Lisa Smith, 40, from Dundalk, County Louth, was found guilty in May of her membership with the ISIS terrorist group between Oct. 28th, 2015, and Dec. 1st, 2019, after a nine-week trial at Dublin’s Special Criminal Court.

But she was cleared of a separate charge of financing the group.

Smith is the first person to be prosecuted and convicted in Ireland over terror offences committed outside the country.

Smith served in the Irish Defence Force between 2001 to 2011. She converted to Islam in 2010 and left the army the next year after she was refused permission to wear the hijab.

According to fellow Islam convert Carol Karimah Duffy, who testified in court, Smith started speaking to an ISIS recruiter online and she was focusing on the “harsh end of Islam.”

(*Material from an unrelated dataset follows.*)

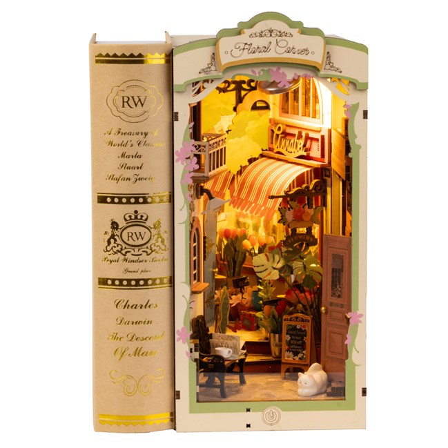Maquette serre-livres lumineuse en bois rue fleurie Rolife

Smith went to Syria in October 2015 after the ISIS leader Abu Bakr al-Baghdadi called on Muslims to go to the country.

Despite knowing she would end up being a housewife in Syria, Smith believed it was her religious obligation to live in the Islamic country, she later told Irish police officers.

In Syria, Smith married British jihadist Sajid Aslam, who Smith said was killed when fighting, and gave birth to a daughter in 2017.

After the fall of ISIS in 2019, Smith and her daughter were repatriated to Ireland and she was arrested at the Dublin airport.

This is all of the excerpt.